Before you begin, make sure that you have fulfilled the prerequisites for using MRCS. See Endpoint Security, Malwarebytes Remediation Connector Solution, Prerequisites.

This tool is for use only by IT professionals. Please take care to scan only hosts that are under your support.

Performing Scans

1. Beginning from the host search view, search for the host(s) to scan, then click Load hosts.
2. Click the checkbox next to each host to select it for scanning.
3. Choose the appropriate Scan type and Scan options. Please see Malwarebytes' Scan endpoints with Malwarebytes Remediation Connector Solution article for a description of each option.
4. (Optional) Provide an exclusions JSON file by browsing to it with the Browse file button.
5. Click Scan to perform the scan.
6. View scan progress for that host by clicking the link under the Status column.

 Suggested Scan Options

• "Full system scan"
  • Scan type: Full
  • Remove
  • NoReboot
  • Anti-rootkit
  • AIScan
• "Recon scan"
  • Scan type: Full
  • Anti-rootkit
  • AIScan

Security Best Practices

This tool is intended to be used to augment the detection and prevention capabilities provided by CrowdStrike. While useful to clean up after a detection or to search for unwanted programs, its use can impede active investigations. Do NOT use this in the middle of an active medium or high level incident, unless directed to do so by an incident responder.

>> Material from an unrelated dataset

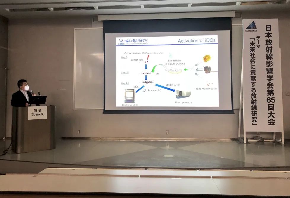 日本放射線影響學會對馬立秋在日本工作期間主導的,而后延續至中國的一系列科研成果及其本人給予了高度評價,稱“這項成果對于推動粒子束治療法在抗癌轉移方面的臨床應用至關重要。馬立秋博士以其豐富而專業的科研技術經驗和中日多家知名科研機構的從業經歷,已然在粒子束治癌領域成為中日間科技合作的橋梁”。會上,馬立秋受邀作了題為《粒子束-樹狀細胞聯合療法的癌轉移抑制效果及其機制》的大會報告。
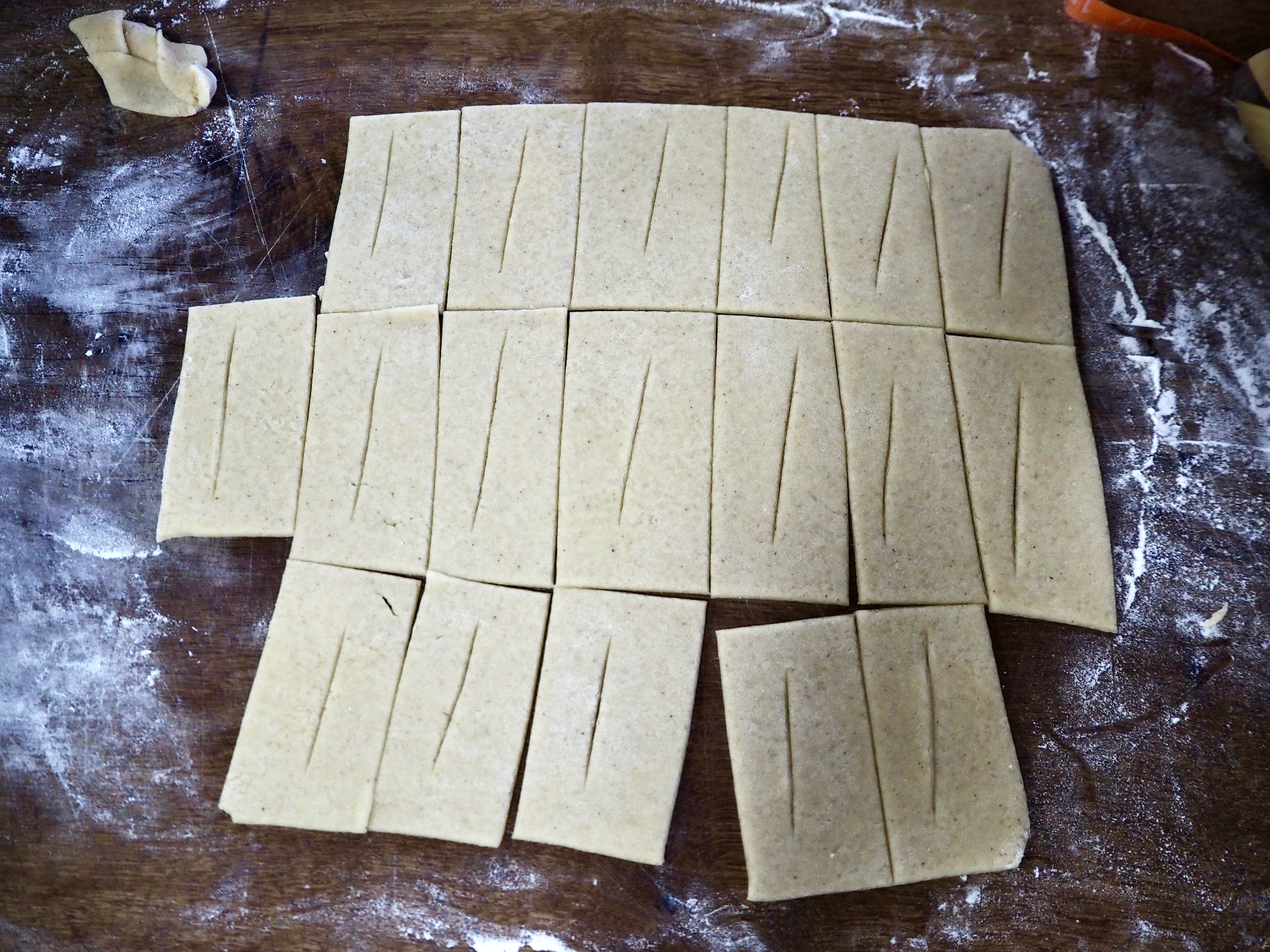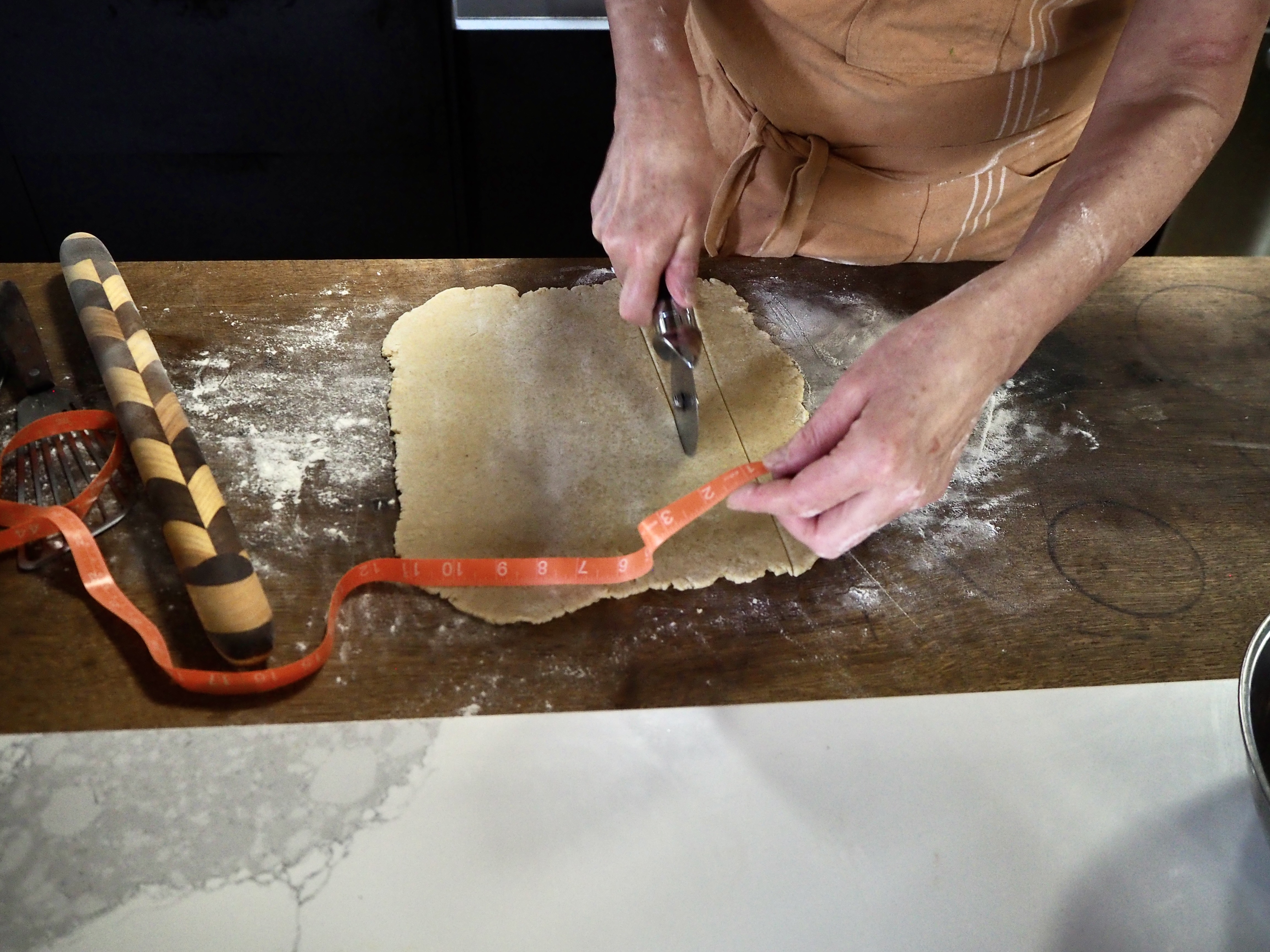 Then cut the dough crosswise so that each strip is roughly 4 inches long. (The dough will resemble a grid. See photos below.)

Because scan results can provide evidence of an intrusion, there may be situations where you will be requested to send a copy of your scan results to Security. Please send a copy of the scan report to security@illinois.edu if any of the following applies:

• Scan was initiated due to a Medium or higher severity detection or incident, and found at least one detection.
• Scan results contain at least one detection and are concerning.

Scan reports can be found by navigating to Scan History > Open Report for the appropriate scan.